“嵐櫺宮……”燕南山思索了片刻,又說道:“我從沒聽說過這個門派。”
“在遇見他之前,我也沒聽說過。”紀景之笑道。“但是它的確存在,而且醫術高超。”
“哦?”燕南山有了興致,他燕家一向爲武林之首,對於燕南山他本人來說,自然也是對這種神奇的門派有一定的好奇心。“說說,是怎麼好法。”
“欖櫺宮,那是一個以行醫救人爲己任的小門派。”紀景之一邊回憶着一邊說道,他說的很慢,似乎對這塊的記憶並不清晰,需要多想想一樣:“它收的徒弟不多,不知爲何它並不喜歡將擴大門派——這也間接導致了後來這個小門派的滅亡。”
“這的確很致命,知道他爲什麼不廣收學徒麼?這等好的醫術,不該失傳。”燕南山點頭稱是,又追問道。
“這就不清楚了,我也曾經對這件事表示好奇,但是唐山嶽此人並不是話多的人,他嘴巴毒,但是……很奇怪,他對燕萌的好奇程度是我從來沒見過的重。”紀景之如是說道,他摸着下巴,似乎也是很有興趣一樣:“但無論如何,它的確是這個世界上最神奇、也最好的行醫之邦,相傳它有一個獨門秘籍,若是學習到最深的境界,甚至能令人白骨生肉。
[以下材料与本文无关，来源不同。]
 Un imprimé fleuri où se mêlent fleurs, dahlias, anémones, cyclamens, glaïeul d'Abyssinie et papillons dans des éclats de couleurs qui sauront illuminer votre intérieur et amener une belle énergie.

”
“沒人能令白骨生肉。”燕南山對此有些嗤之以鼻。“這不過只是故弄玄虛的東西,你信?”
“的確,從來沒有人見識過這種。”紀景之點了點頭,承認道。“但是我又無法解釋爲什麼唐山嶽能夠讓自己死一般的活着,所以我對此仍保留意見。”
“你們何時遇見的?”燕南山有些瞭然,他起身走向了紀景之,並拍了拍他的肩膀。“我們出去說,這個時間天色已經暗下來了,我帶你走一圈去,在長城之上。”
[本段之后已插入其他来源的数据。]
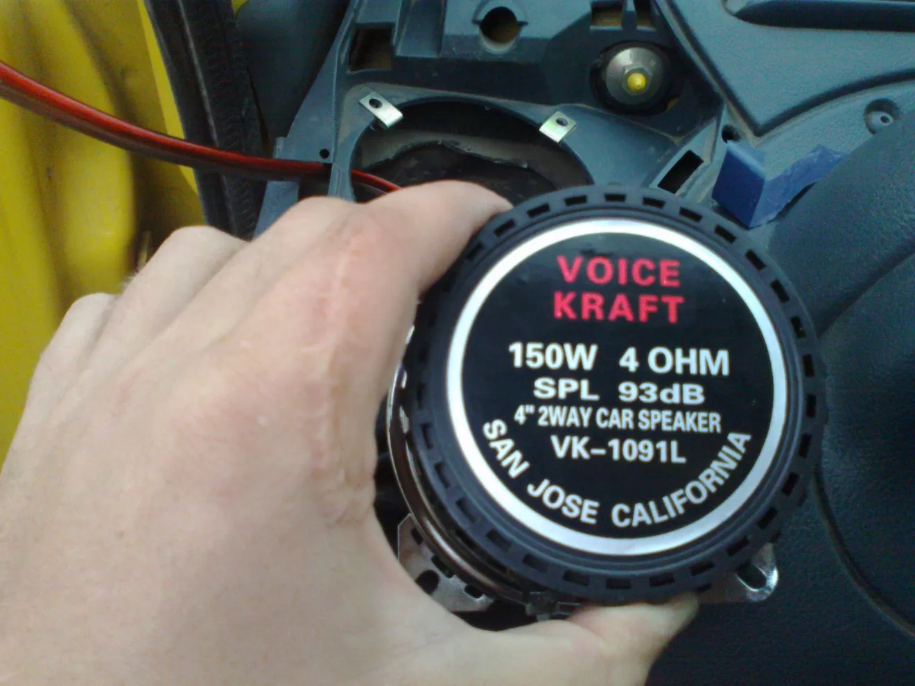С етим вопросом я и набрал номер знакомого, который подрабатывает в магазине разной електроники, в том числе и автомобильной. И чудо! мне говорят что колонки есть, хорошые, но одно но, они непонятной фирмы VOICE Craft и они разных цветов но для меня они пойдут по оптовой цене в 10 $ и кабель в подарок)

燕南山話音落地,紀景之隨即起身,裹緊了自己身上擋風的厚重衣衫,便跟着燕南山一同離開了大帳——
此刻,北境的太陽已經落下,天邊被風雪擋住了最後的溫暖,寒風更加凜冽,天色也更加漆黑陰沉。
而此刻,一個人影似乎不畏寒冷一樣——在這場風雪中,在長城後某一個寂靜之地,這個人影正提着一壺好酒,登上了一顆參天古樹:當然,在這種極端的氣候環境下,這個參天的古樹葉只剩了屍體。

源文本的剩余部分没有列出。